I am 32, through calorie counting, portion control and exercise I am able to remain slim and a good weight, but I know what what I'm eating is terrible and I'm setting myself up for problems in later life.
I have a serious sugar addiction which I need to kick. I don't eat proper meals, I'd love to eat 3 proper meals a day which fill me up, but I just graze all day. I'm ashamed of how I eat and need to change tomorrow.
I buy those 5-pack large cookies from supermarkets and eat 2 a day, usually when I get up. I have porridge for breakfast (with added sugary products)

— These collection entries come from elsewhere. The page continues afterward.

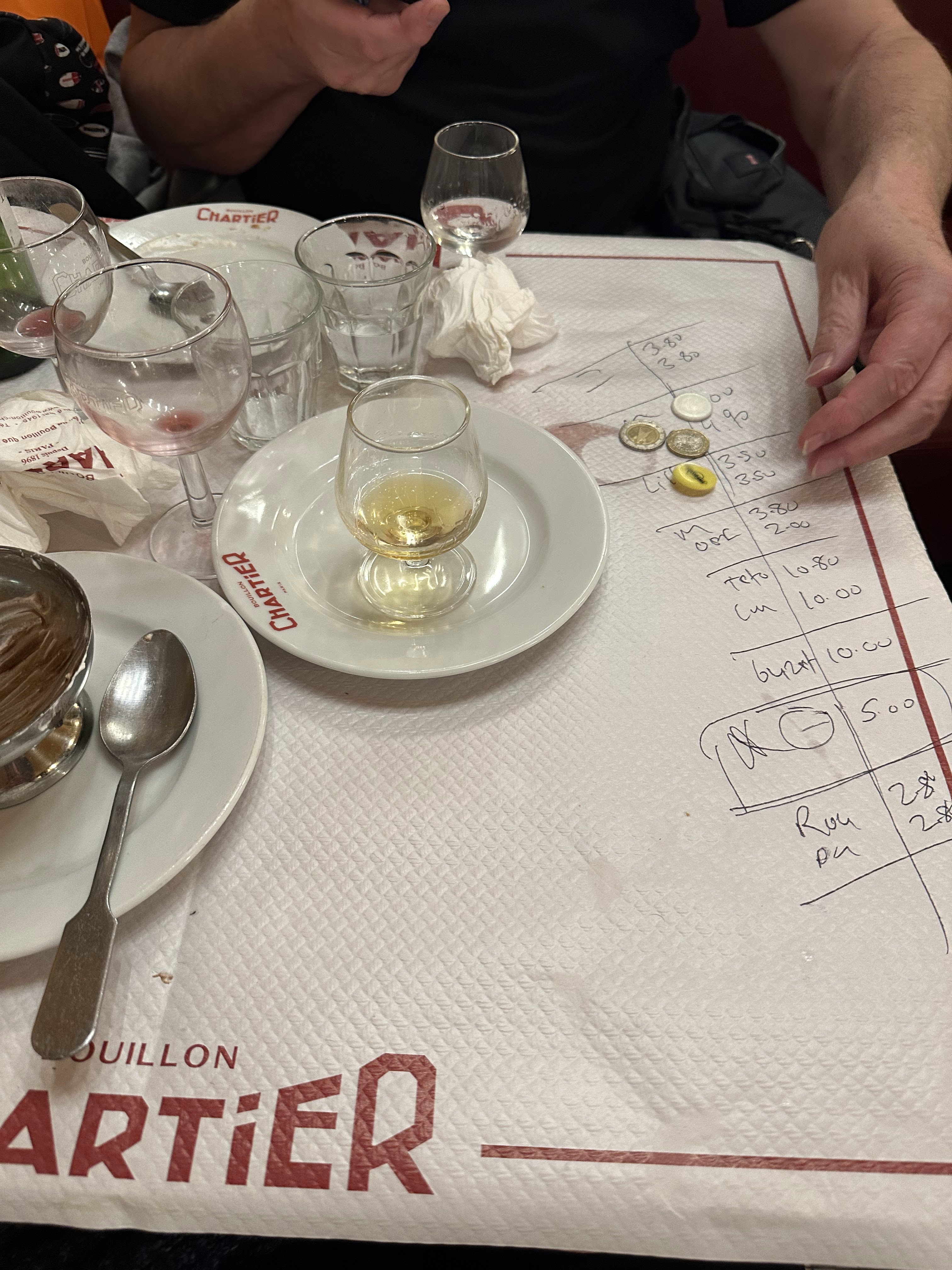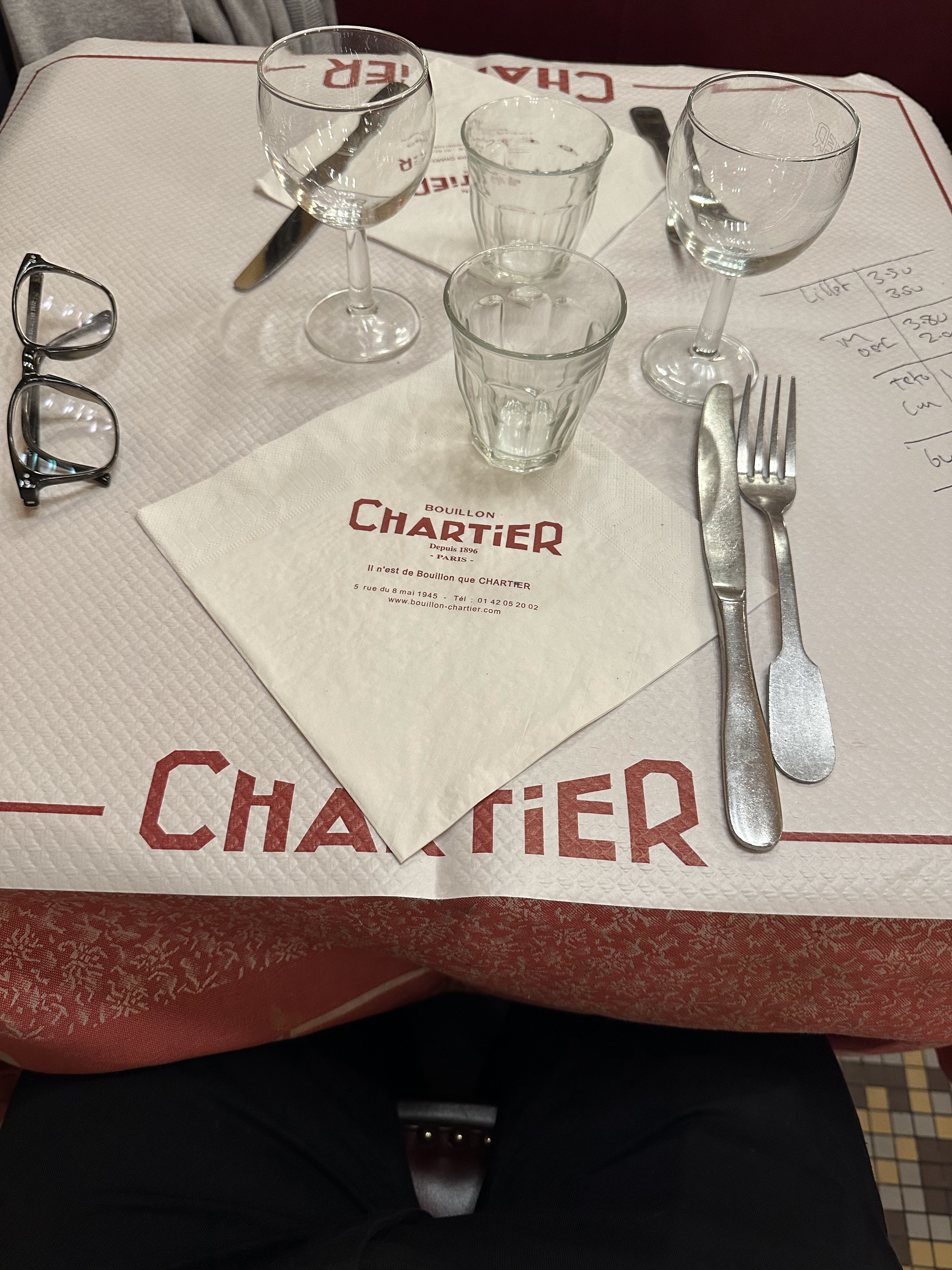Chartier ! Une institution où l'on se régale de choses simples ! C'est un Bouillon, et comme dans un bouillon tout à de la saveur, c'est gourmand, c'est étonnant, c'est croquant, c'est fondant, c'est amusant, c'est accueillant..... Un grand Merci à notre Bouillonnant serveur Stéphane s'occupant avec justesse de chaque client, passant du coq à l'âne dans un virevoltement incessant d'assiettes pleines, d'assiettes vides tout en prenant votre commande à même la nappe. La note est faite sous vos yeux en direct live en une addition des prix. Si vous voulez passer un bon moment hors du temps n'hésitez pas à pousser la porte de ce lieu certe bruyant mais charmant. À très bientôt......
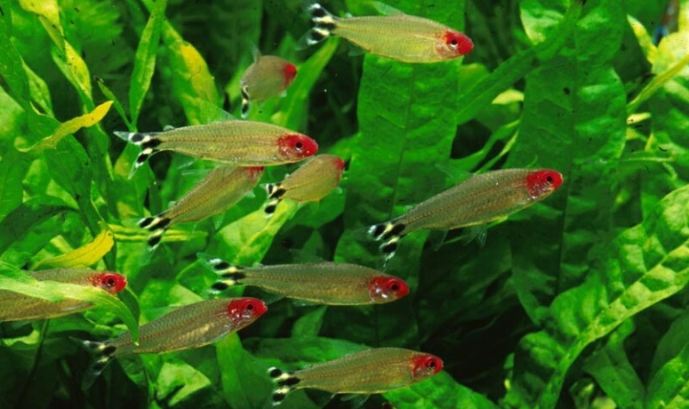 Правильным решением будет содержать в аквариуме группку красноголовой тетры — начиная от 7-8 рыб. Благодаря этому у них устанавливается определенная иерархия, которая влияет на их окраску и поведение. Для семи особей рыб необходим аквариум объемом в 50 литров. Данный вид тетр более требовательный, по сравнению с другими видами. Поэтому необходимо следить, чтобы вода была кислой и мягкой. Родостомусы предпочитают чистую воду, поэтому нужно постоянно следить за исправностью фильтров, и заменять часть воды (по 25% от всего объема) нужно каждую неделю. Рекомендуемый температурный режим воды – от 22 до 26 градусов.
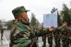 Мындан тышкары, төрага «Жетиген» согуштук даярдык борборунда окууну ийгиликтүү аяктаган жана «лейтенант» наамын алган жоокерлерди куттуктады. Ал алган наамга ылайык келүүнүн маанилүүлүгүн жана милдеттерин адилеттүү аткаруунун зарылдыгын белгиледи.
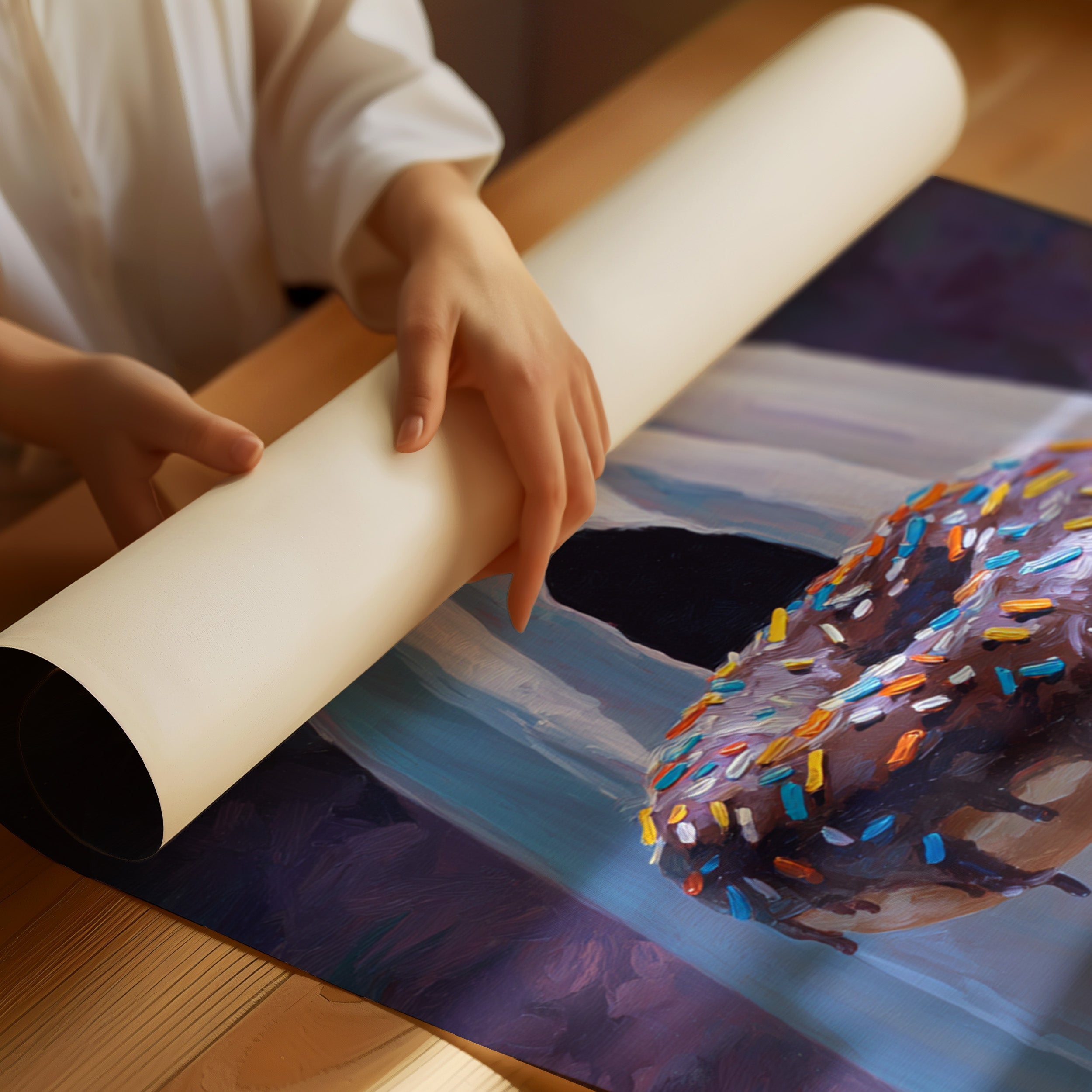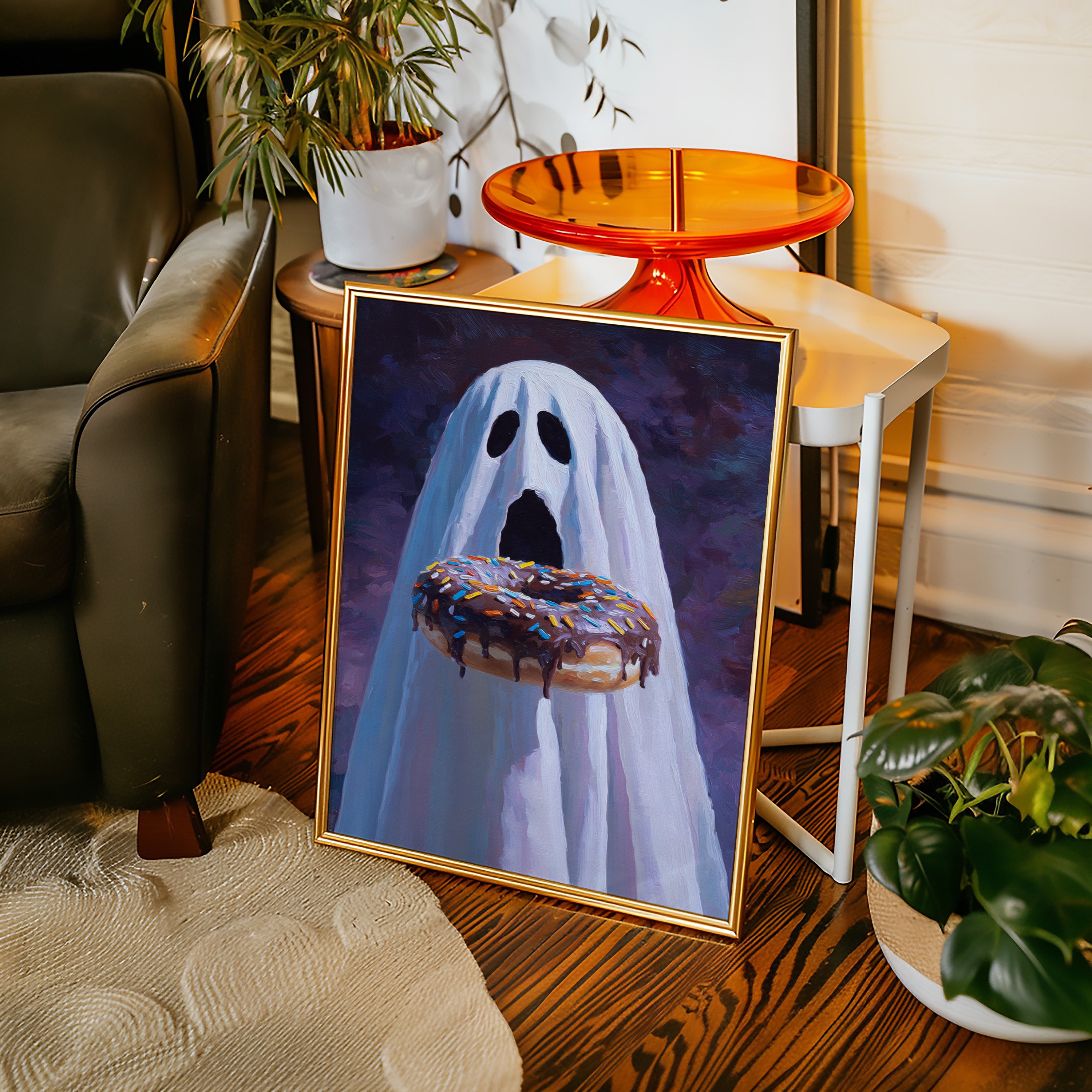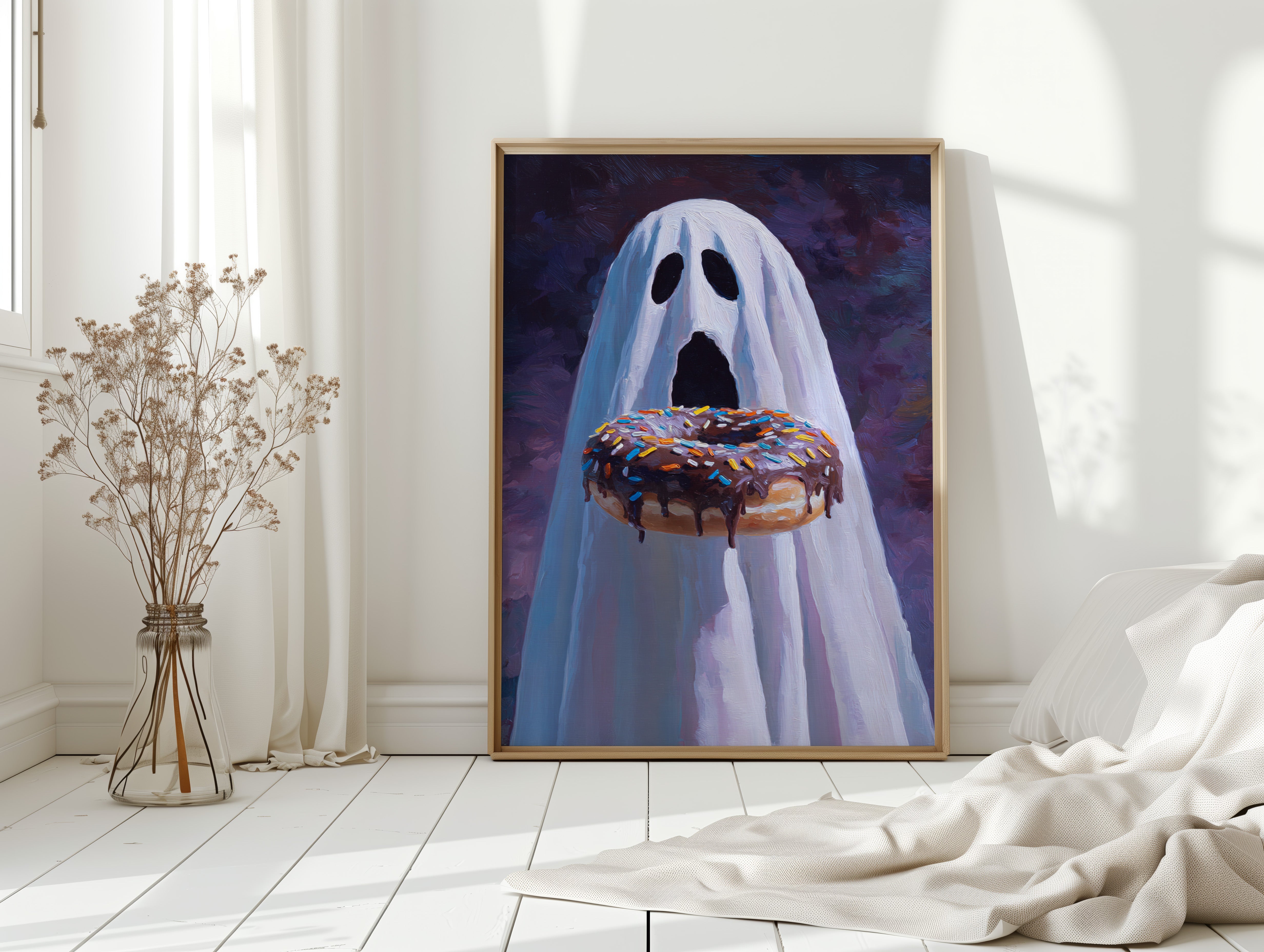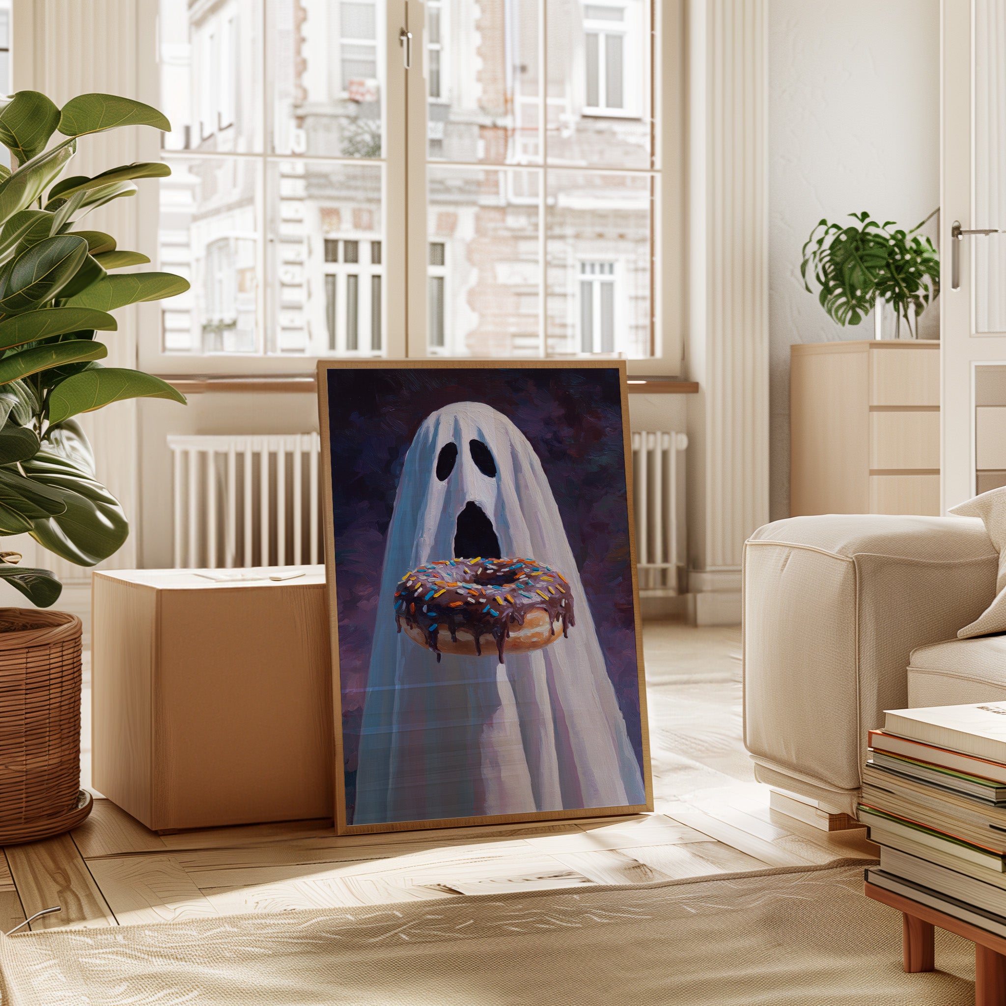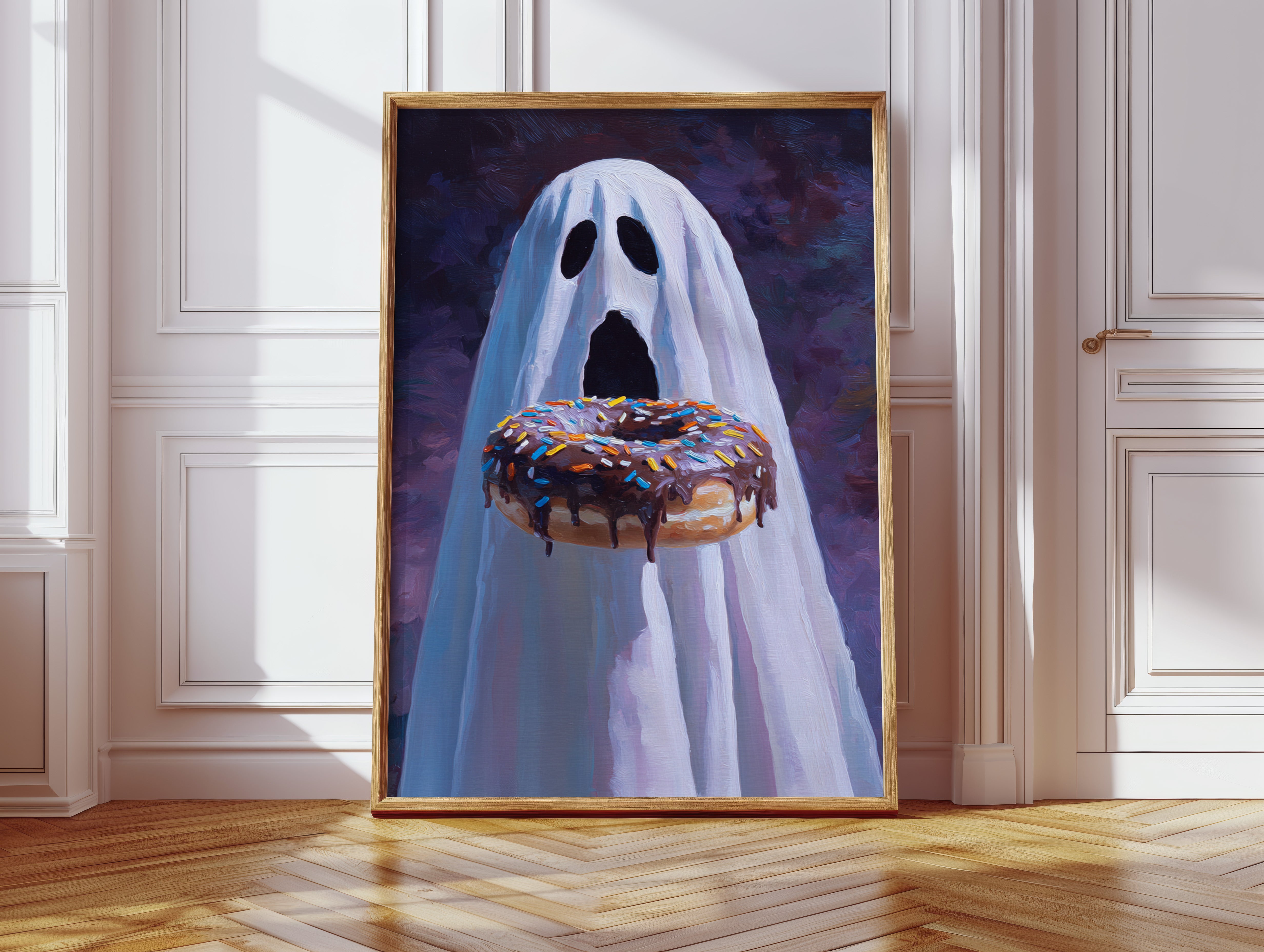 In a moment both whimsical and eerie, a ghostly figure stands poised, cradling a decadent donut drizzled in chocolate and adorned with colorful sprinkles. This piece captures the playful spirit of the Artisanal collection, blending humor with artistry. As the luminous colors dance across the canvas, the ghost's expression evokes a blend of mischief and longing, inviting viewers to ponder the delightful intersection of treat and trickery. Perfect for a kitchen nook or playful dining area, this artwork sparks conversation and joy.

I drink some water, not enough.
I'm addicted to diet fizzy drinks, I've stopped with diet coke/pepsi due to the concern around aspartame but I am addicted to lucozade zero pink lemonade and drink one most days.
Love Fanta zero, tango, appetizer etc. Also love milkshakes.
Lunch wise I can make it healthy, but I usually go for white bread and something with cheese. I don't like salads on their own as I find them boring (ridiculous I know).
I love burgers, chips, pizza, toasties, kebabs, anything like that. Love sausage and bacon sandwiches, pancakes and so on.
I can cook, I cook twice a week I'd say, I'm not somebody who cooks from scratch daily.
Love bags of sweets, cakes, chocolate bars.
My only good point is that I don't drink any alcohol whatsoever, and have never smoked. I lead a healthy lifestyle apart from the diet.
I need to change tomorrow because I'm damaging my insides.
I don't eat proper meals, I use up most of my calories on biscuits and cakes so for tea tonight I've only had a frozen ice pop.
I eat around 2000 calories a day, more of I do a lot of exercise.
I need the willpower to stop this. I actually managed to cut sugar for 3 weeks last year, I saw a lot of benefits but couldn't maintain.
I know this is pathetic for a woman in her 30s. Appreciate any advice or anyone else who's having the same problem.